CHICAGO -- One starting pitcher was an admitted HGH user. The other once served a drug suspension.
This is the baseball world we live in, the baseball world Alex Rodriguez returned to Monday night.
The baseball world where he's now being held up as the worst of the worst, the guy you're supposed to hate, the guy who should never again be allowed to darken our great game.
"Just go," the New York Post begged on its Monday morning front page.
But he won't. Not yet, and perhaps not for quite a while.
"I'm fighting for my life," Alex Rodriguez declared Monday afternoon.
Feel free to roll your eyes. Feel free to laugh. Feel free to scoff. A-Rod doesn't deserve your sympathy.
But if Monday night proved anything, it proved that having Alex Rodriguez back in uniform while we wait for an arbitrator to rule on his case is nowhere near the disaster for baseball that some made it out to be.
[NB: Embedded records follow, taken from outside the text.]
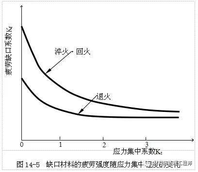對于光滑材料,通過表面淬火、表面滲碳、表面氮化等表面熱處理可以有效地提高其疲勞強度。但是對于缺口材料,這些方法可能變的沒有效果甚至使疲勞強度反而降低。這是因為通過熱處理使其表面強度提高的同時,使缺口敏感性也變高的緣故。圖14-5為高強度鋼和塑性較好的低強度鋼的缺口材料的疲勞強度隨應(yīng)力集中程度的增加而變化的情況。在應(yīng)力集中Kt較小的范圍內(nèi),高強度鋼的疲勞強度明顯比低強度鋼的高。但隨著應(yīng)力集中系數(shù)的增加,高強度鋼的疲勞強度的降低速度明顯大于低強度鋼者,以致于高強度鋼的疲勞強度與低強度鋼的疲勞強度相差無幾。
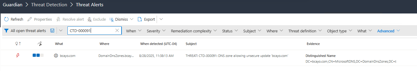 2.) View All Alerts and search for CTD-000091 or DNS zone allowing unsecure update
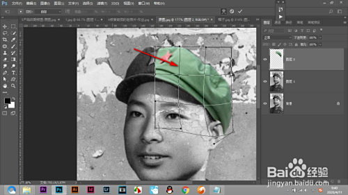 4.利用自由变换简单的调整巨细,然后点击变形按钮。

And nowhere near the problem MLB itself seemed to think it would be, back in those days of last week when we were told that Bud Selig didn't want to see A-Rod on a major-league field ever again.
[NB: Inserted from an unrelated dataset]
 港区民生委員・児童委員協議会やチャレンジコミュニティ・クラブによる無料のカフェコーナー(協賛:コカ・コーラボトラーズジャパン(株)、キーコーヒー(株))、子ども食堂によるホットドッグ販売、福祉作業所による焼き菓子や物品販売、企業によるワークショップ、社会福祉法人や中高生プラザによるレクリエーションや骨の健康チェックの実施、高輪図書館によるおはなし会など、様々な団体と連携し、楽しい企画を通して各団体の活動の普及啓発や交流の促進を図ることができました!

By A-Rod circus standards, this didn't even come close to matching last Friday in Trenton, when he homered and fired off accusations and talked about "the pink elephant in the room."
Friday is only a few days back, but it's far enough back that on that night in Trenton, you were thinking you might be watching the final at-bats of Alex Rodriguez's professional life.
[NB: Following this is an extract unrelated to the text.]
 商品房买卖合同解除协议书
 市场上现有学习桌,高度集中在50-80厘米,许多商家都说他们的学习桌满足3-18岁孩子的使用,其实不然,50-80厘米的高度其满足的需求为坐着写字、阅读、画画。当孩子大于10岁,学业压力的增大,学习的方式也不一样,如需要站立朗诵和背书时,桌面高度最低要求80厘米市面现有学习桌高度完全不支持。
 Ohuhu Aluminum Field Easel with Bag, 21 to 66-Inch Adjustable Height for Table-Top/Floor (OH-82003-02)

On Monday, you knew that there was going to be another A-Rod game Tuesday, and perhaps another 50 or so after that, before arbitrator Frederic Horowitz finally gets a chance to decide whether baseball has the goods to send him away for far longer than any other drug cheat in history.
Players union chief Michael Weiner said Monday that Rodriguez's appeal will almost certainly not be resolved until the offseason. Barring another crazy twist or another injury, that means Rodriguez could end up finishing out the season with the Yankees.
"Just getting started," A-Rod said in a brief and uneventful postgame interview Monday night.
Rodriguez had an equally uneventful press conference before the game, carefully staying away from any declarations about his drug use, or about his employers. He talked repeatedly about "the process," but he refused to be drawn into any talk about why he was the lone Biogenesis player to appeal his suspension.
The answer seemed obvious. MLB clearly singled out A-Rod, which doesn't necessarily mean he was unfairly singled out. But the penalty assessed to him was far greater than those assessed to the other players, and greater than handed out in any other PED case.
Baseball has let it be known that it holds strong evidence of Rodriguez's cheating, and also of his efforts to "obstruct and frustrate" the investigation. Barring a settlement, Horowitz will decide if that evidence is enough to merit such a stiff penalty.
Beyond convincing Horowitz, though, MLB wants to convince the public. Baseball officials can't allow A-Rod to be seen as anything close to a sympathetic character.
The crowd reaction Monday suggests that he won't be. Most of the fans at U.S. Cellular Field booed constantly during his at-bats, and some screamed at him while others waved their middle fingers.
In some ways, it felt less like baseball than like pro wrestling, and A-Rod seemed less like a ballplayer than like the designated villain.
He handled that fine, which shouldn't come as a surprise, as he's had plenty of experience.
"It was hard day, a long day," he said. "It's been crazy."
But really, it ended up being less crazy than you would have thought going in. Rodriguez seemed to be warmly welcomed back by many of his teammates and Yankees staff. It wasn't as if he was on an island, all by himself.
"If I'm productive, I think they want me back," he said. "I feel tremendous support from the clubhouse."
The fact is that the Yankees are as accustomed to "distractions" as any team in the game, and it's not as if the A-Rod saga feels that much worse than anything that has come before. The other fact is that if Rodriguez is productive, this Yankees team badly needs him.
It may not matter, given the way CC Sabathia has struggled in recent weeks and given another lousy performance from Andy Pettitte on Monday night. The Yankees are 9½ games out of first place and 4½ games out of the final playoff spot, and while there's plenty of time left to change that, there aren't many indications that they're capable of it.
For once, you've got to believe that those who run MLB will be rooting against them to make it, to avoid the possibility of explaining how an accused steroid cheat can help a team get to the postseason and then play a part in October.
For now, though, they can rest easy that having Alex Rodriguez back on a major-league field in August didn't ruin the game, any more than having Andy Pettitte (who once admitted to using HGH) or Jose Quintana (who served a minor-league drug suspension) did.